In other words, the rich and positive emotion lexicon of the Spanish language may not only influence culture over time, but also influence our emotional reaction to stress.

The contribution of verbs

However, it may not only be the positive words that are contributing to better cardiovascular health in Hispanic populations. There are other features of the language that facilitate emotional expression.

Take, for example, the two forms of the verb “to be.” In English, we simply “are.” But in Spanish, we can be a certain way temporarily – “estar” – or more permanently, “ser.” This comes in handy when considering negative situations. In English I could be overweight. In Spanish I can be permanently overweight, which translates to “ser gorda,” or I could be temporarily overweight, or “estar gorda.” The latter is transient and entertains the possibility of change, which can itself encourage motivation towards change.

[Like what you’ve read? Want more? Sign up for The Conversation’s daily newsletter.]

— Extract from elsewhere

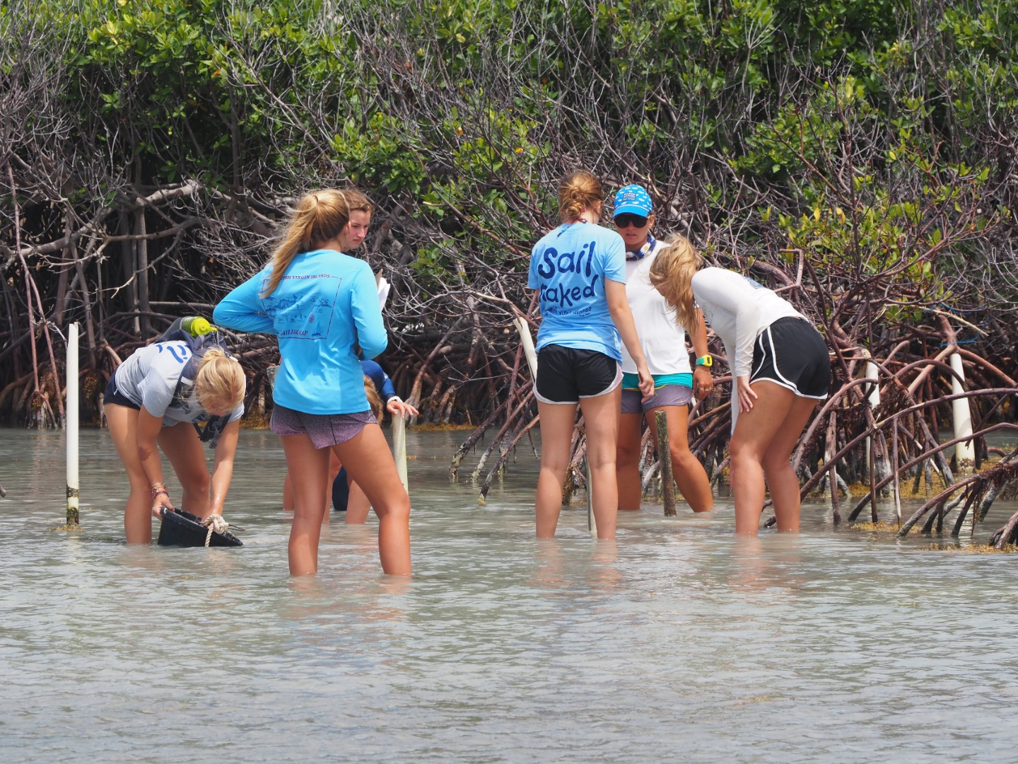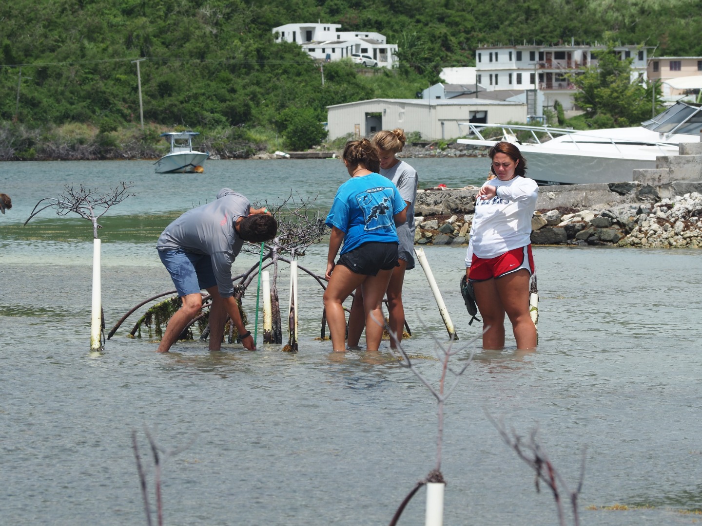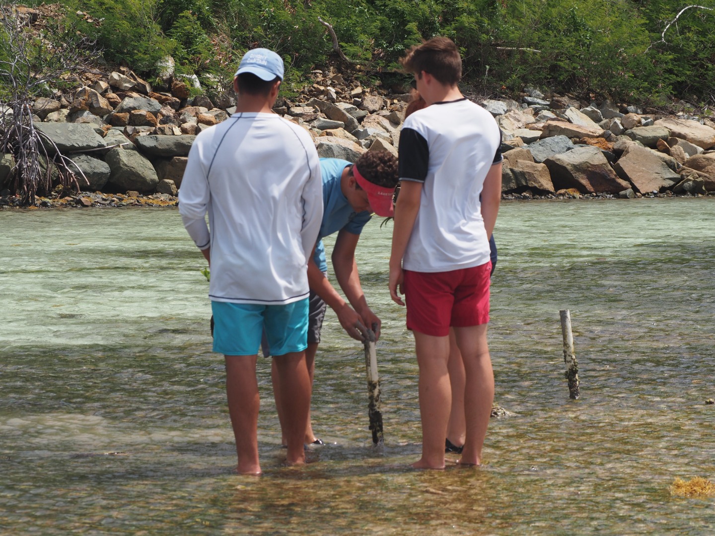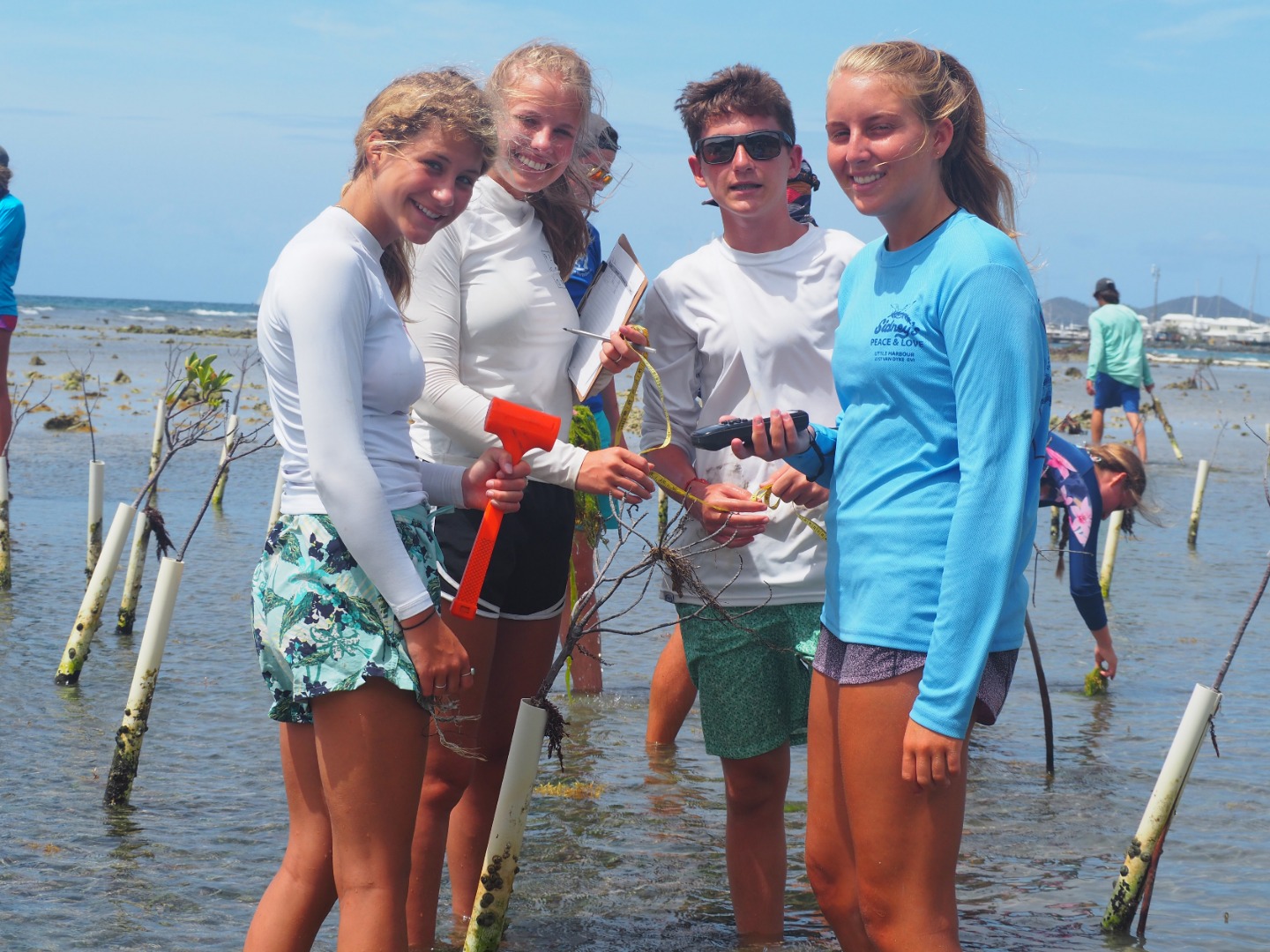 Today our boat went to Sea Cow Bay which is in Tortola. Then, we anchored and dinghied over to the mangrove site where we counted the pipes that were currently housing those plants. Then, we pulled the dead mangroves up and planted propagules. These were collected in Anegada, wherein our free time when we were tagging turtles. They fall off the mangroves as seeds and float. This is called a viviparous plant. After we finished, we sailed over to Road Town. It is the most industrialized area that we have been to. Here, we had shore time. There was a large grocery store where Darius bought a crate of Ting. Ting is a popular drink in the Caribbean that our whole boat is obsessed with so we all got to indulge when we got back to the boat. We then ate dinner and had a chill rest of our night.

Spanish is one romance language that makes use of the subjunctive form of verbs. The subjunctive expresses hypothetical situations, wishes and possibilities. For instance, consider the “magical realism” of the Colombian author Gabriel García Márquez. His use of the subjunctive facilitated the possibility of alternative realities.

The Spanish language’s ability to minimize and exaggerate by the simple addition of a suffix also increases the range of emotions and perceptions. This is how the therapist in the example helped his patient persevere through a difficult phase of therapy.

While English is the language of science – precise and succinct – my hunch is that the flowery nature of Spanish contributes to a culture that supports emotional expression. In doing so, it can help its speakers manage the responses to stress.